Empirically, what are the task differences here? Ideally, if the tasks are disjoint, then the inner problem of the bi-level optimization results in pretty high (i.e., 1) weight to the same/similar task, and almost no weight for the rest.

Q4: Impractical assumptions

In Line 77, the authors mentioned that Since source tasks contain only clean labeled data,

This seems to be a harsh assumption. Even in most existing test sets (i.e., CIFAR-10, CIFAR-100, ImageNet), there are a lot of label error issues as mentioned in R1.

Q5: Line 82: Gaussian misture model (GMM) \rightarrow Gaussian Misture Model (GMM)

Q6: In Lines (103-104), the authors mentioned that

However, it often does not work well because it ignores per-annotator characteristics (Raykar et al., 2010).

Agree that label aggregation will ignore per-annotator characteristics and lose too much information. However, there is a list of solutions that consider soft labels instead of aggregated labels. It is better to include the discussion/experiment comparisons as well. (i.e., simply average the multiple labels by assuming same expertise among annotators)

Q7: In Lines 127-129, the authors mentioned that

the proposed method can adapt to data given from noisy annotators via the closed-form EM steps, which leads to effective and efficient meta-learning.

I partially disagrees with authors that the proposed method leads to "efficient" meta learning, cuz it requires high quality annotations from source tasks.

Q8: Typo in Line 159. n-the \rightarrow n-th

Q9: In line 222, it would be more beneficial to include more explanations on the assumption of conjugate prior distributions.

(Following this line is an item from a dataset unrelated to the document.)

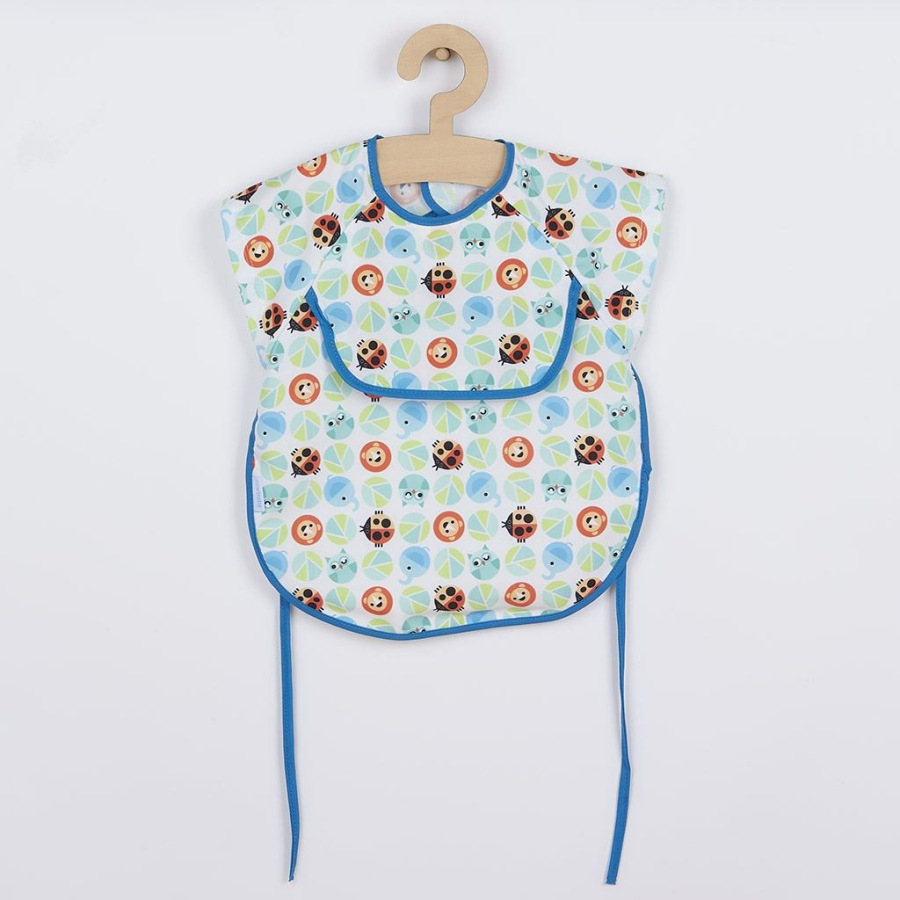 Detský podbradník-zástera New Baby účinne ochráni oblečenie vášho dieťaťa pred ušpinením pri jedle a hraní. Vyrobené z ľahkého, mäkkého materiálu. Podbradník má pohodlné zapínanie na suchý zips a má praktické vrecko. Podbradník je ušitý z dvoch vrstiev materiálov. Spodná vrstva je z nepremokavého materiálu. Pri zašpinení je možné podbradník utrieť vlhkou handričkou, alebo prať v práčke. Charakteristika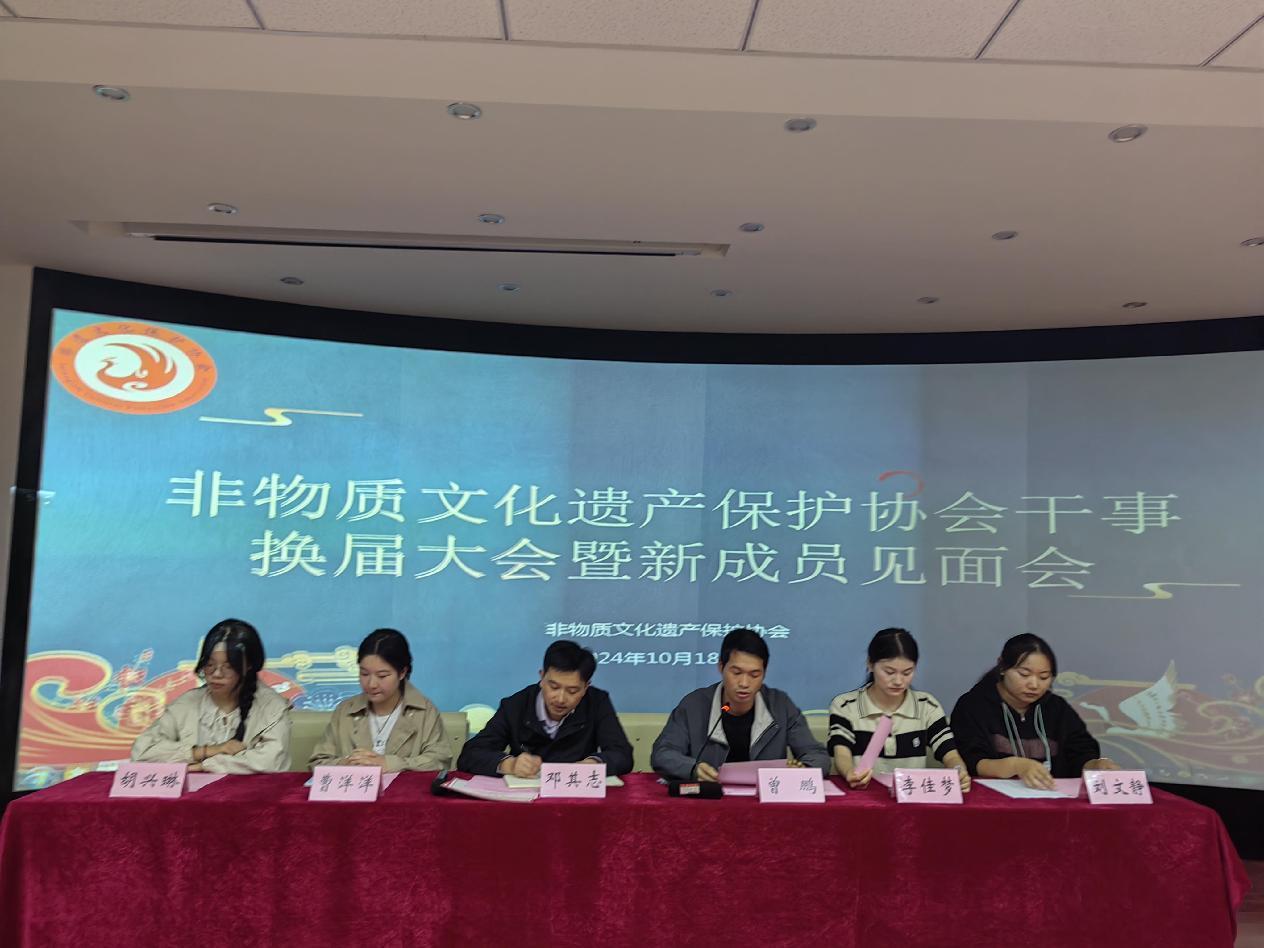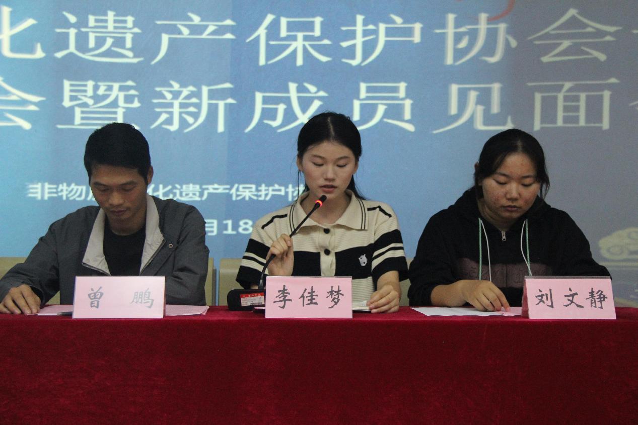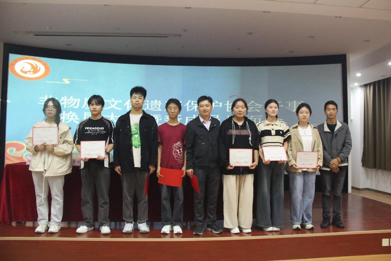 曾鹏向新社员们详细介绍了非物质文化遗产协会的发展历程和近年取得的主要成绩,并在会上给大家交流展示有关非遗项目。曹洋洋宣布新一任非遗协会干事人员名单,邓其志为2023—2024学年非遗社团优秀社员颁发证书并合影留念。

Q10: In Equation 5, it would be more beneficial to include more discussions about the tightness (or the performance gap) of the inequation.

Q11: In Line 272, the input of the algorithm 1 requires the confusion matrix distribution, which is often assumed to be a quite hard condition.

Q12: In lines 382-383, the experiment result would benefit a lot if including instance-dependent noise or real-world noise as well, for the annotator's type.

评论

Thank you for your insightful and detailed comments and constructive feedback.

Computational Complexity: The meta-learning phase involves training over multiple source tasks and iterative EM updates and maybe computationally demanding on larger datasets or in high-dimensional settings.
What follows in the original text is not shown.